Keywords: baboon, HLA-G, human, immune privilege, Paan-AG, placenta, tolerance

INTRODUCTION

The HLA class Ib gene now known as HLA-G was identified by Geraghty et al in 1987 [1]. Subsequently, several unique features of the gene, its mRNAs and its proteins, were reported. These included (i) alternative splicing of a single mRNA to produce a spectrum of seven distinct mRNAs, three of which result in soluble isoforms and four of which encode membrane isoforms, (ii) a shortened cytoplasmic tail on membrane-bound isoforms which delays recycling of the antigens, (iii) a deletion in the promoter region that negatively impacts transcription enhancement by interferons (IFNs), (iv) multiple polymorphisms but few (five) alleles [reviewed in Refs. 26]. Although HLA-G mRNA is present in many tissues and organs, protein expression is highly restricted. The first normal tissues shown to express HLA-G were the placenta and chorion membrane, and the first tumor cells were trophoblastic tumor cell lines [79]. However, there is now considerable evidence for expression of this gene in other normal tissues such as the thymus and prostate [10, 11], as well as in a variety of tumors and tumor cell lines [12]. Regarding numbers of alleles and patterns of expression, HLA class Ib genes (HLA-E, -F, -G) differ significantly from HLA class Ia genes (HLA-A, -B, -C), which are highly polymorphic and expressed to a greater degree by all somatic cells.

The paragraphs below present current work from our laboratory within the context of ours and other reports, and point out controversial features of this interesting and apparently unique immune suppressive molecule. Topics include initiation of expression of HLA-G in embryonic tissues, conditions regulating expression of the mRNAs and protein isoforms and new views on the functions of HLA-G. Comments are included on future directions, including both research questions and utility in reproductive medicine.

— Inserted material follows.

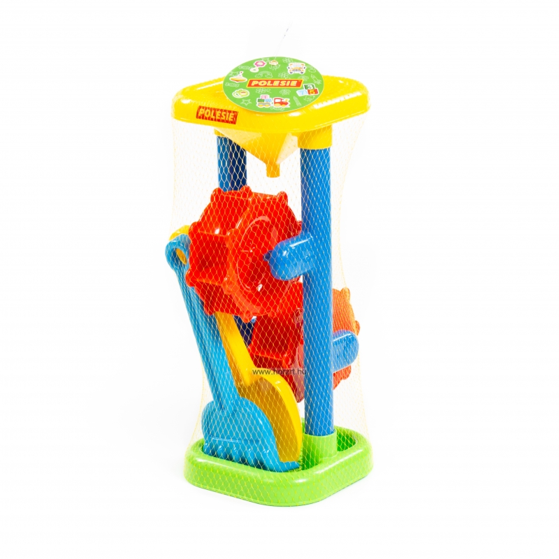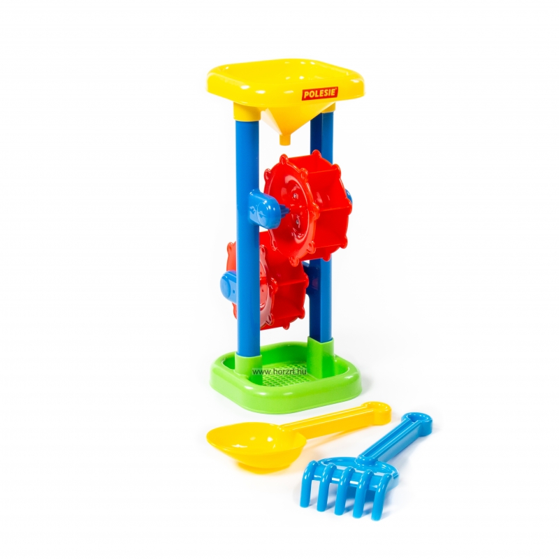 Ha homokot vagy vizet töltünk a tölcsérbe, a színes malomkerék pörgő táncba kezd, azonnal magára vonva a gyerekek figyelmét. A hozzá tartozó ergonomikus lapát és gereblye kifejezetten kis kezekhez készült, így már 12 hónapos kortól játékosan fejleszti a finommotorikát és a szem-kéz koordinációt. A könnyű, mégis strapabíró, lekerekített élű műanyag biztonságos szórakozást garantál, a 31 cm-es magasság pedig ideálissá teszi homokozóba, strandra vagy a kertbe. A szellős hálós csomagolásnak köszönhetően a szett kis helyet foglal, így minden nyári kalandra egyszerűen magatokkal vihetitek.
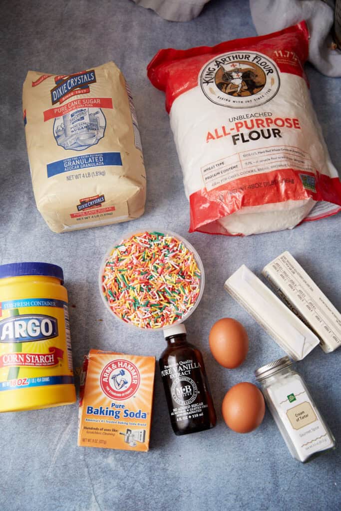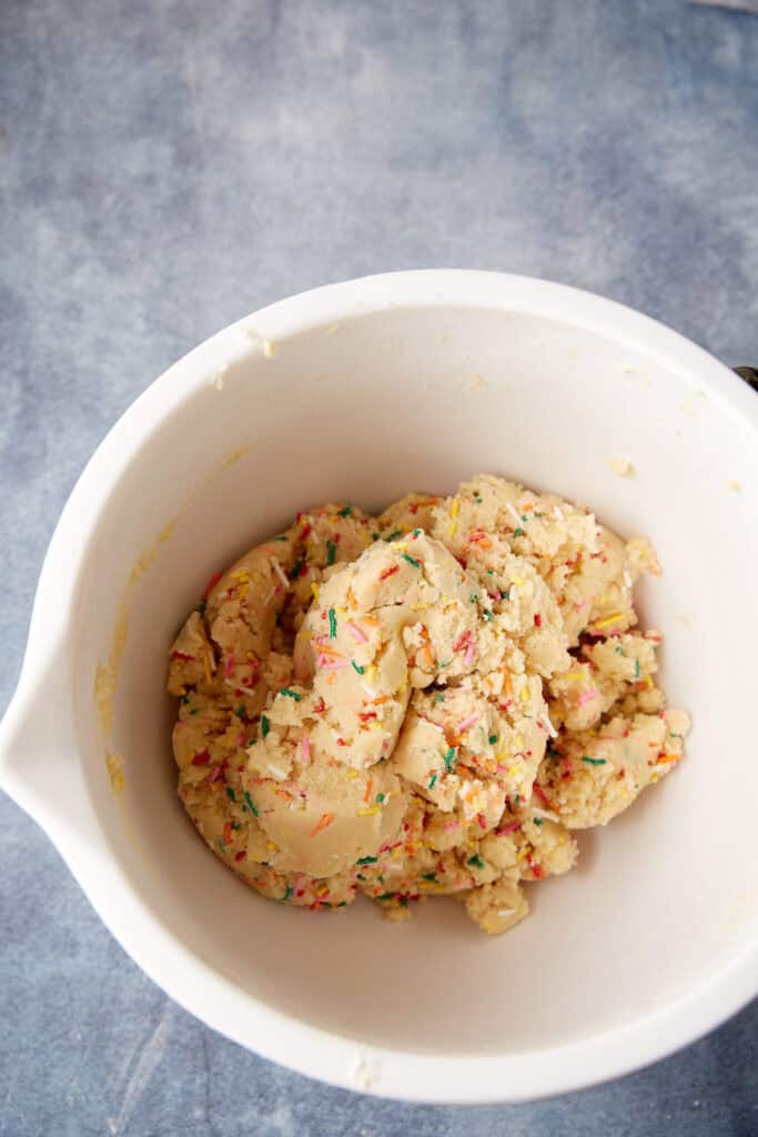 - In a separate bowl, whisk together the flour, baking soda, cream of tartar, cornstarch and salt. Add to the butter mixture on low speed and mix until combined. Gently mix in the sprinkles, just enough to disburse throughout the dough.

HLA-G and gestational programming

Because of the results we obtained in an early study showing that soluble isoforms of HLA-G circulate in mothers during pregnancy [13], we have focused on two of these isoforms, HLA-G5 and HLA-G6. These two soluble isoforms are encoded by splice variants of the single HLA-G mRNA whose translation is truncated by a stop codon in intron 4, which eliminates translation of the transmembrane and cytoplasmic elements of the protein [reviewed in Ref. 4]. In order to study the expression, regulation and functions of these two isoforms we developed recombinant HLA-G5 (rHLA-G5) and rHLA-G6 in HEK293 cells, then generated monoclonal antibodies (mAb) to the recombinant proteins [14]. Others have generated mAb to HLA-G proteins using different strategies, and many mAb are now on the market. Not all of these have undergone the extensive characterization studies to which our mAb were subjected [14].

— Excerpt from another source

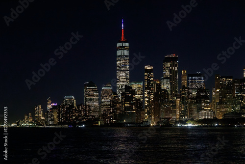 Obraz premium A night panorama of Manhattan downtown skyline, viewed from the river
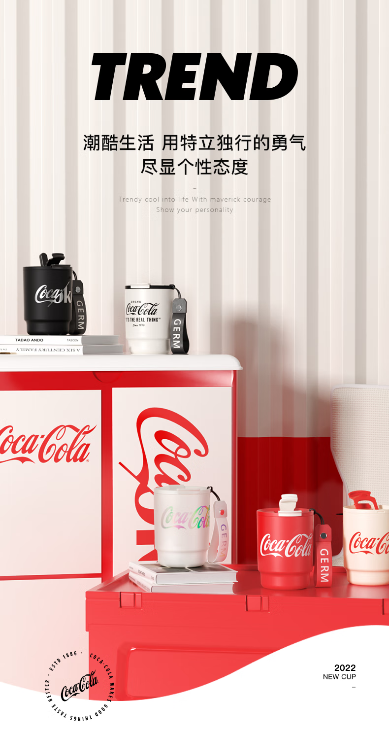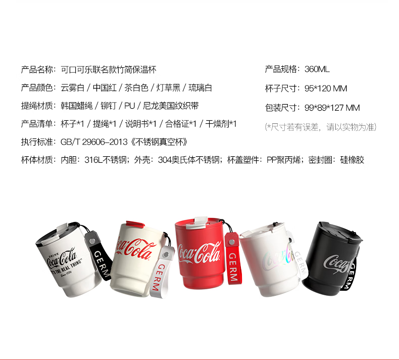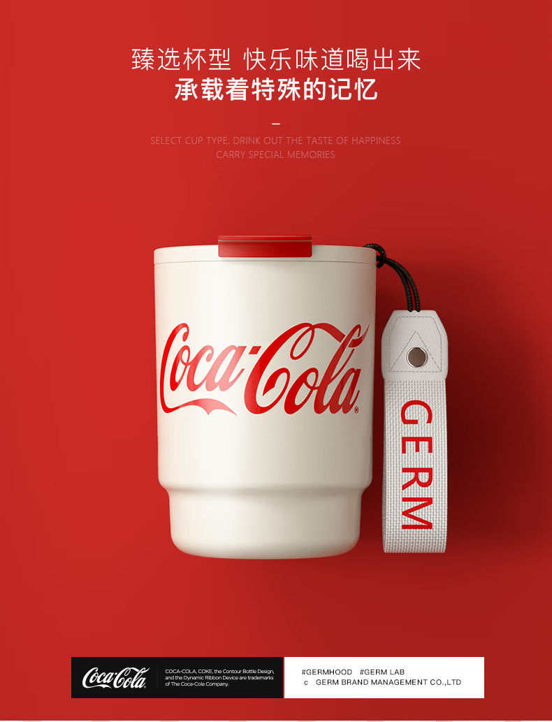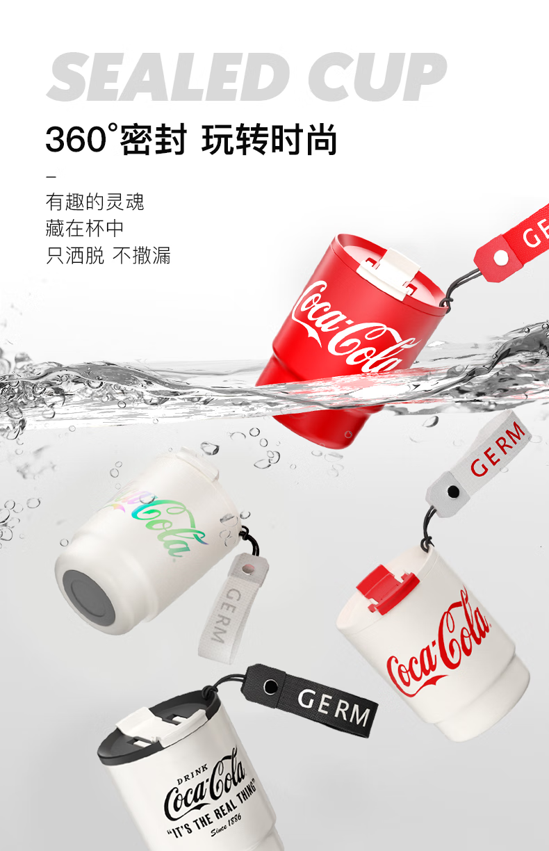 【小家电】格沵(germ) 可口可乐联名水杯咖啡杯大容量双饮车载杯子竹简款保温杯 360ML HF

HLA-G in the preimplantation embryo

Gestational programming is evident in the observation that some if not all preimplantation embryos contain HLA-G mRNA and protein but that placentas from successful pregnancies are invariably positive. By using the mAbs mentioned above [14] in a collaborative study with C. Simon at the University of Valencia, we learned in a limited group of experiments that preimplantation human embryos may exhibit HLA-G5 but not HLA-G6 [5]. We have not studied HLA-G mRNAs in human preimplantation embryos, but this was explored in a 2005 article by Yao et al. [15], who concluded that both message and protein expression are stage-dependent and may be contributed by the mother. A notable observation in this study was that HLA-G is silenced in inner cell mass cells at the blastocyst stage, leaving the trophectoderm as the sole source of these proteins prior to implantation. Evidence for expression of this gene in the thymus, prostate and various tumor cells [1012] suggests that the gene may be re-expressed in inner cell mass-derived cells later in gestation. The report from Yao et al. [15] conflicts with that of Hiby et al. [16], which was published in 1999 and which concluded that HLA-G mRNA is missing in two cell to eight cell embryos and in blastocysts.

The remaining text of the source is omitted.